Tour à tour fenêtre et miroir, exposé et néanmoins invisible pour son porteur, l’écran du visage ne semble posséder d’existence qu’intermédiaire. Le poète français Paul Valéry pose sur l’expérience visagiste un regard qui n’a pas pris une ride : « Observons que notre visage nous est aussi étranger qu’il l’est à autrui ; ses modifications et ses expressions conscientes et volontaires nous sont seules transmises. Le reste ne nous vient que des miroirs ; encore faut-il apprendre que cette image est notre image. »
Moments rares
Le spectacle s’ouvre sur le jeu du « Qui est-ce ? », voyant se préciser le casting des vieux en Maison de retraite. Ce en fonction d’interrogations sou forme de portrait parlé. Des poupées en deux dimensions aux visages en forme de portraits photographiques aux marionnettes hyper réalistes, se déploie de moments rares, où se rejoignent humanité, tendresse et désarroi. L’opus est porté par une foi en l’humain et dans le libre arbitre qui accueille aussi une forme de mystère.

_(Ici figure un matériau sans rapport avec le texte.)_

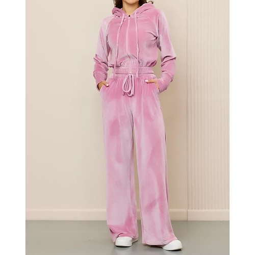 Per donna Attivo Moda Blusa Felpa con Cappuccio Set di Pantaloni Manica Lunga Con Cappuccio Tinta unica Coulisse Cerniera Ferie Abbigliamento quotidiano Uscire Nero Rosa Blu marino Autunno

Sur une bande son évocatrice de rythmes parfois loufoques filant de Ben L’Oncle Soul à Georges Brassens, les deux comédiennes-assistantes de vies et manipulatrices font montre, à l’heure du petit déjeuner ou du goûter en EMS, d’un don de l’observation fine et sensible pour dire la mémoire qui aboutit à une forme progressive de disparition de soi.
Dans un ballet d’une grande pudeur et douceur, avec des marionnettes à taille humaine, le temps et les gestes du grand âge sont restitués avec justesse. En témoignent chez Elise ses tocs répétitifs et compulsifs (se gratter le front, chasser une mouche imaginaire) ou actions déconnectées de tout réel présentement avéré, comme jeter du pain à des oiseaux imaginaires, qui ne semblent le fruit que de souvenirs lointains. Des séquences muettes tournées à la manière de petits films Super 8 amateurs et vernaculaires au cadrage incertain et au flou insistant sont projetées sur un cyclo en fond de scène. Avec un mouvement saccadé proche du burlesque muet, e lles évoquent le bonheur passé du couple à plusieurs étapes de leur chemin de vie, de la piscine proche d’une possible première rencontre à une table d’anniversaire de mariage. S’il en dit parfois plus long que toute parole, le silence traduit ici simultanément l’impossibilité des mots à tout transmettre.